Given information:

——

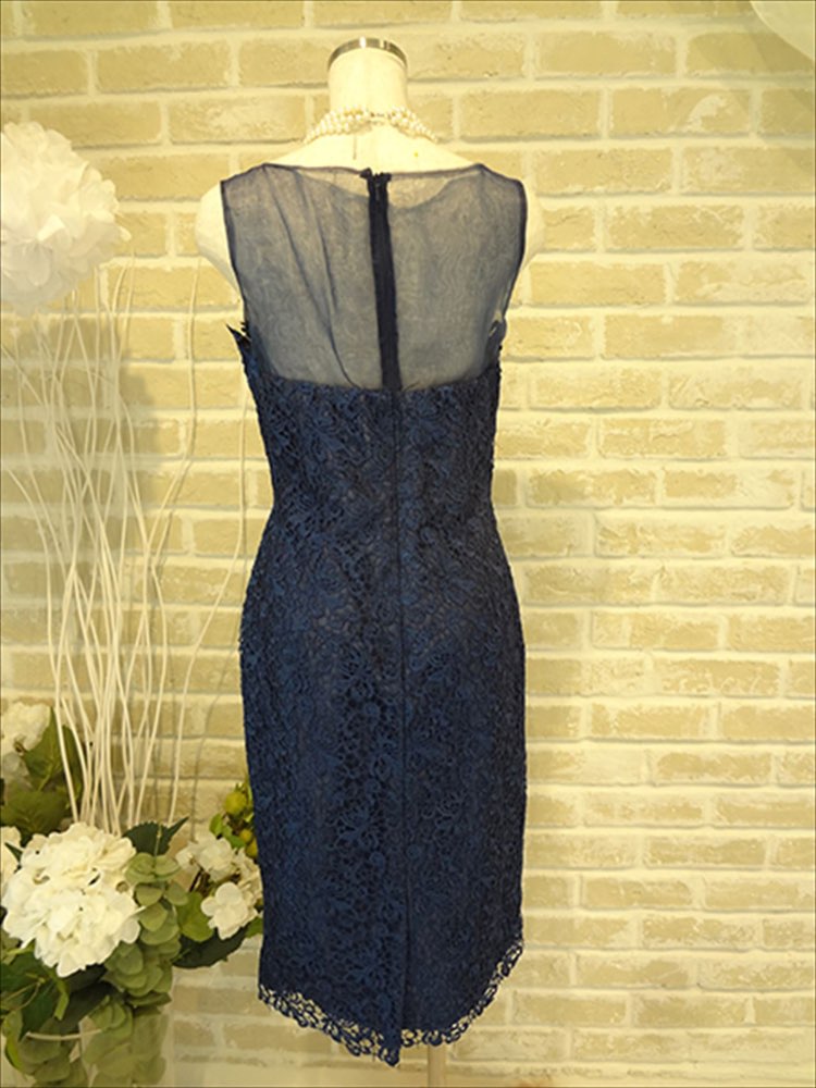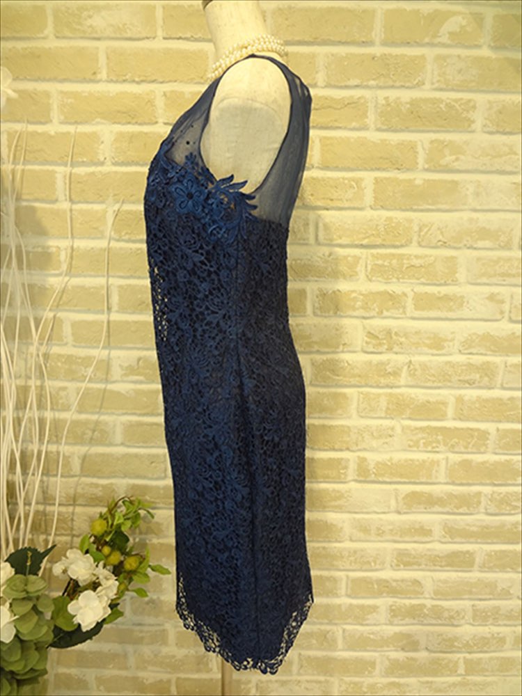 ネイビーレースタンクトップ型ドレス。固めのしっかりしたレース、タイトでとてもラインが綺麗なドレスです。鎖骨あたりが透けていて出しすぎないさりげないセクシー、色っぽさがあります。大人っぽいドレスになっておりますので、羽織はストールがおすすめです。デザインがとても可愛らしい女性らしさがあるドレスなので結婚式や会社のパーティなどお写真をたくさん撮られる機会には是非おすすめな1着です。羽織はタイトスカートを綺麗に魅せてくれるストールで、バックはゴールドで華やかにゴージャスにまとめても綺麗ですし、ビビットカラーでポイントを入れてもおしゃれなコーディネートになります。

——

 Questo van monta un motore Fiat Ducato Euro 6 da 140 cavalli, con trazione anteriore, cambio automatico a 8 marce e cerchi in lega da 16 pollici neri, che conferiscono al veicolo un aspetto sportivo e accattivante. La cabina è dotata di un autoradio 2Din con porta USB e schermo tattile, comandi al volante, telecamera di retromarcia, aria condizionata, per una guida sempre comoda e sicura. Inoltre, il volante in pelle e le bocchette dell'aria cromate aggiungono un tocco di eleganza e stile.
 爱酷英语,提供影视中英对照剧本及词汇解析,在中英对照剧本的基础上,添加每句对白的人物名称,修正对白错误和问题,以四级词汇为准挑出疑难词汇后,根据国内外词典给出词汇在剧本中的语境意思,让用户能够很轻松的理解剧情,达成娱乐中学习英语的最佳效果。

——

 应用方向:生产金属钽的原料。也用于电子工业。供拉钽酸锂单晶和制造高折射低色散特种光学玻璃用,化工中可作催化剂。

——

In the listing above, find the line with "Questo van monta" and the line with "爱酷英语,提供影视中英对照剧", then print exactly those lines and every line between them.

Answer for the task:
 Questo van monta un motore Fiat Ducato Euro 6 da 140 cavalli, con trazione anteriore, cambio automatico a 8 marce e cerchi in lega da 16 pollici neri, che conferiscono al veicolo un aspetto sportivo e accattivante. La cabina è dotata di un autoradio 2Din con porta USB e schermo tattile, comandi al volante, telecamera di retromarcia, aria condizionata, per una guida sempre comoda e sicura. Inoltre, il volante in pelle e le bocchette dell'aria cromate aggiungono un tocco di eleganza e stile.
 爱酷英语,提供影视中英对照剧本及词汇解析,在中英对照剧本的基础上,添加每句对白的人物名称,修正对白错误和问题,以四级词汇为准挑出疑难词汇后,根据国内外词典给出词汇在剧本中的语境意思,让用户能够很轻松的理解剧情,达成娱乐中学习英语的最佳效果。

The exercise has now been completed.